The Problem With Prophets
One of the shared convictions of Judaism, Christianity, and Islam is that most of the men and women venerated as true prophets suffered, and in some cases were even martyred for their messages. That belief helps us answer the question “What is a prophet, anyway?”
If a prophet were someone God called to foretell the future, it wouldn’t make sense that they’d be punished and killed for making predictions. If a friend says, “I think in the next decade, such and such will happen,” our first instinct wouldn’t be to arrest him or her, but instead respond, “Well, we’ll just have to wait and see” or “Time will tell, won’t it?”
What made prophets in the past so troubling was that instead of foretelling the distant future, they saw the deeper truth underlying the present. People aren’t upset by someone predicting what will happen in 2525, but they are upset by someone speaking or writing about something disturbing that is just below the surface in 2024. The familiar adage—“Don’t shoot me; I’m just the messenger” could as well be amended to “Don’t punish me; I’m just a prophet.”
That’s the meaning of Jesus’ words “A prophet is without honor in his hometown,” a saying that Mohammad as well as Amos, Isaiah, Jeremiah, and John the Baptist could have uttered. In fact, in the traditions of Judaism, Christianity, and Islam, if prophets’ messages were well-received, these prophets were almost always exposed later as false messengers.
A person closer to our time whom now millions consider to be a true prophet is Franz Jagerstatter, an Austrian farmer who was drafted into Hitler’s army in WWII. Jagerstatter didn’t intend to be a prophet; in fact, he wasn’t initially opposed to serving in the military.
Everything changed one night in 1938, when he had a disturbing dream.
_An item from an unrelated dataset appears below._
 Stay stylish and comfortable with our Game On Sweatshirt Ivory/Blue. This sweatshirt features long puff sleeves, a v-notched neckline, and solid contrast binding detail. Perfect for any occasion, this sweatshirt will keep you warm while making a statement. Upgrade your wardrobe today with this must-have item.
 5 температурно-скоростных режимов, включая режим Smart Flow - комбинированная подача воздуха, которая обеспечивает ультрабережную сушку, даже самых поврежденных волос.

In his dream, he saw joyful Germans and Austrians boarding a train for a pleasurable outing. Everything about the image was bright and sunny, until he heard a voice saying, “This train is headed for hell.”
If you’re like me, when I wake from a nightmare, I’m happy to dismiss the dream as just that—only a dream. Jagerstatter was different. When he awoke, this simple farmer understood that the dream was about Hitler and Nazism. When he was called up to serve in the army, he refused. He stated his reason: he couldn’t be part of Nazism because he was a Christian.
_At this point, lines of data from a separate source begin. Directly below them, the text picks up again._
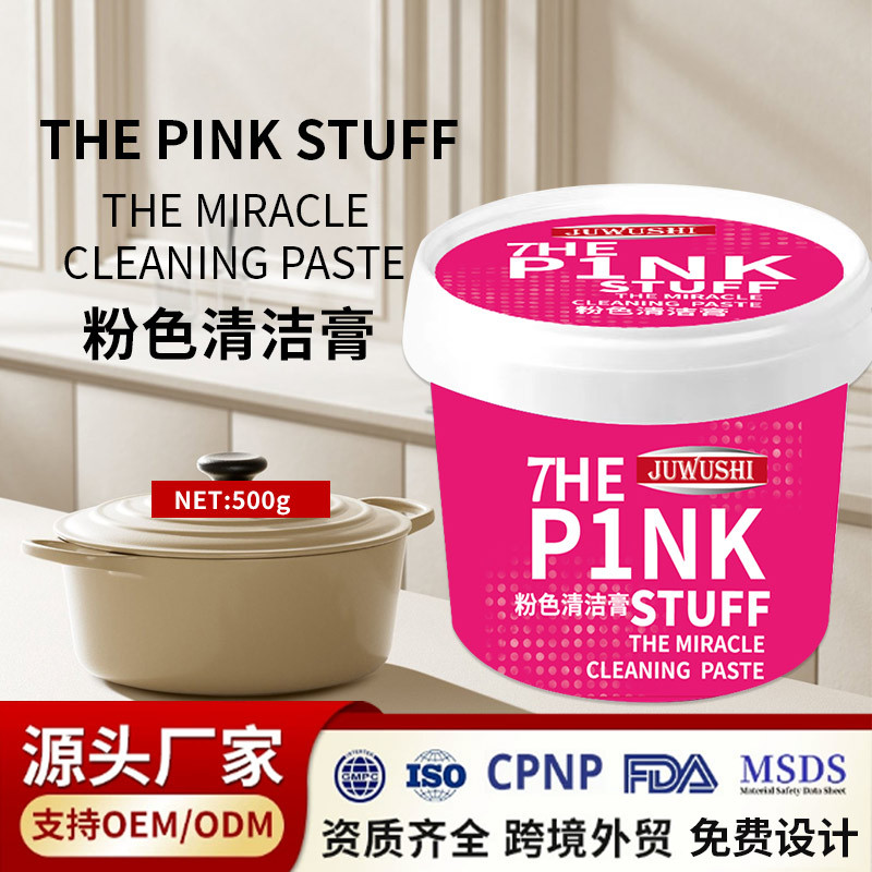 跨境专供粉色不锈钢清洁膏温和多功能清洁膏清除厨房重油污去污膏
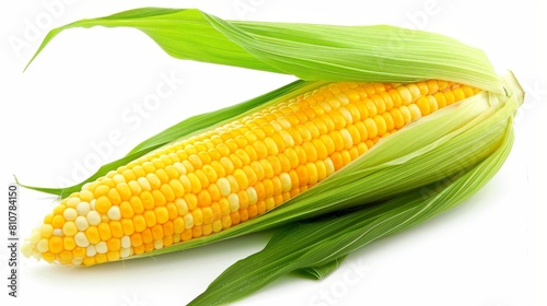 corn, cob, vegetable, food, agriculture, harvest, healthy, organic, fresh, natural, green, leaf, plant, produce, nourishment, yellow, closeup, studio, white background, still life, raw, uncooked, farm, seasonal, ingredient, crop, kernel, ear, stalk, garden
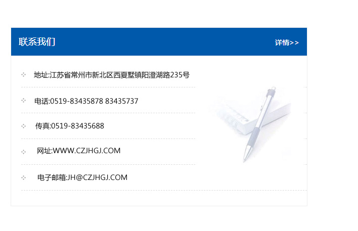傳真:0519-83435688    郵編:213135    網址:WWW.czjhgj_com.mznhc.com    電子郵箱:JH@czjhgj_com.mznhc.com
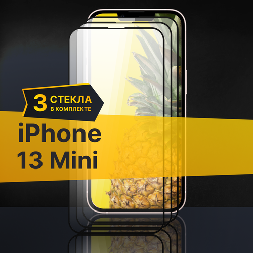 Комплект 3 шт. Противоударное защитное стекло для телефона Apple iPhone 13 mini / Полноклеевое 3D стекло с олеофобным покрытием на смартфон Эпл Айфон 13 Мини / С черной рамкой
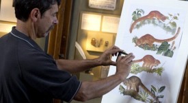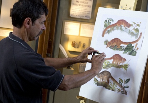 A man photographs illustrations of an olinguito, the first carnivore animal species to be discovered in the American continents in 35 years, during a press conference announcing the discovery at the Smithsonian Institution in Washington, DC, August 15, 2013. The 2-pound (900 grams) mammal, the smallest member of the raccoon family, mainly eats fruit, insects and nectar, and can be found only in the cloud forests of the northern Andes Mountains in Ecuador and Columbia. AFP PHOTO / Saul LOEB (Photo credit should read SAUL LOEB/AFP/Getty Images)
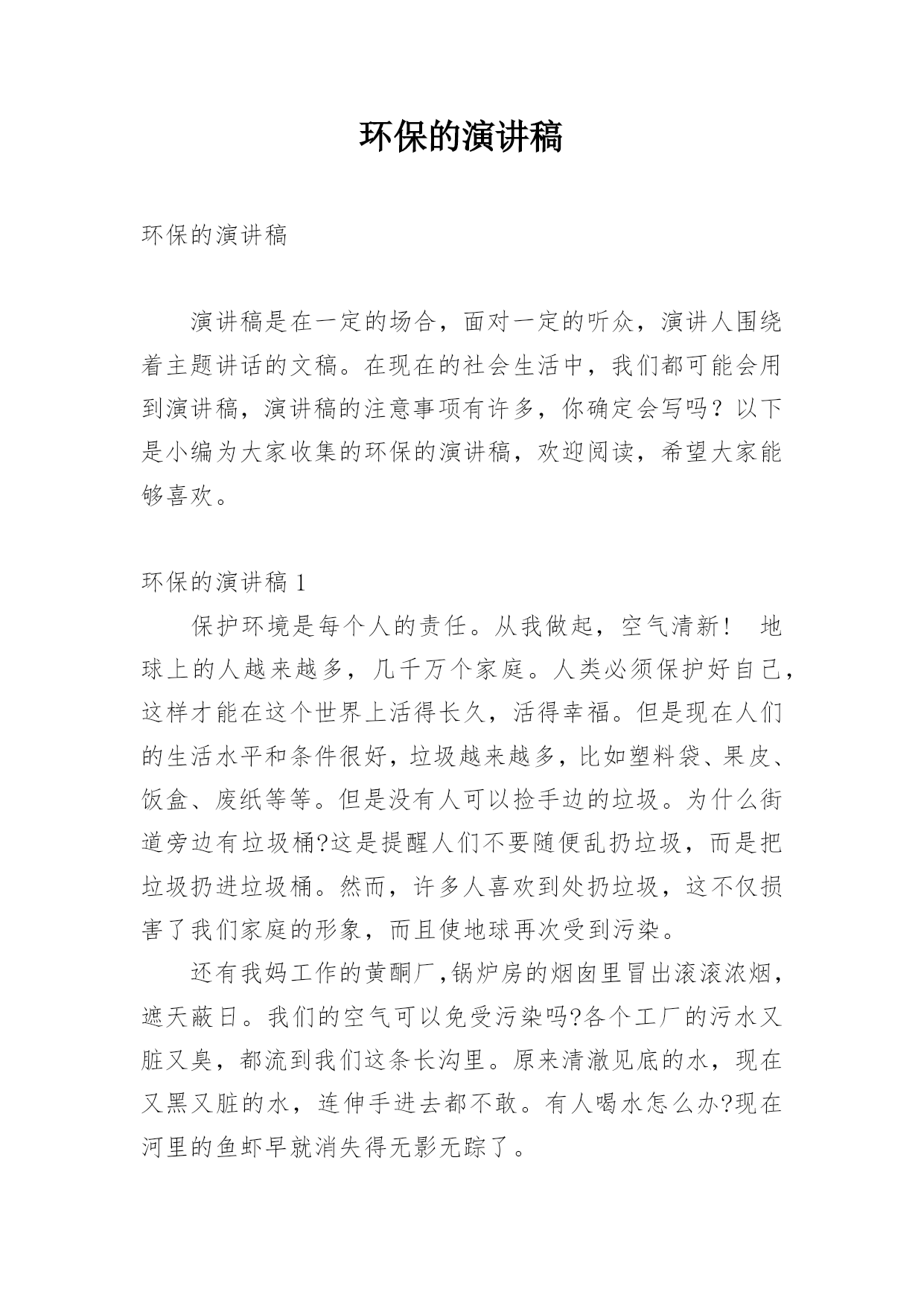 环保的演讲稿环保的演讲稿演讲稿是在一定的场合,面对一定的听众,演讲人围绕着主题讲话的文稿。在现在的社会生活中,我们都可能会用到演讲稿,演讲稿的注意事项有许多,你确定会写吗?以下是小编为大家收集的环保的演讲稿,欢迎阅读,希望大家能够喜欢。环保的演讲稿1保护环境是每个人的责任。从我做起,空气清新!地球上的人越来越多,几千万个家庭。人类必须保护好自己,这样才能在这个世界上活得长久,活得幸福。但是现在人们的生活水平和条件很好,垃圾越来越多,比如塑料袋、果皮、饭盒、废纸等等。但是没有人可以捡手边的垃圾。为什么街道旁

Jagerstatter’s hometown responded just as Jesus had forewarned. They assumed Jagerstatter was stubborn; then the more he persisted, they believed he was crazy. When he was arrested, his wife, children, and other relatives pleaded with him to not be selfish, to think of his family. His priest also tried to convince him that his Christian duty was to serve in the army. Jagerstatter stayed true to his dream. Even when he was offered the chance to serve as medic in the army, he refused on Christian principles.
Hitler wasn’t going to allow Jagerstatter’s protest. He was tried and sentenced to be hanged. Last-minutes efforts to convince him to change his mind failed. When he died in 1943, his village wanted to forget about the crazy man who’d shamed his family and the town’s reputation. Jaggerstatter was no prophet; he was simply a looney.
In 2007, the town of Radegund was given a second chance to rethink their verdict of Jaggerstatter. That was when the Catholic Church recognized Jagerstatter as a blessed person, the step just below sainthood. His hometown will now likely become a pilgrimage site.
If true prophets aren’t honored in their own towns, it’s also true that they’re usually not honored in their own time. That leaves us with the disturbing question: who in our midst is a true prophet?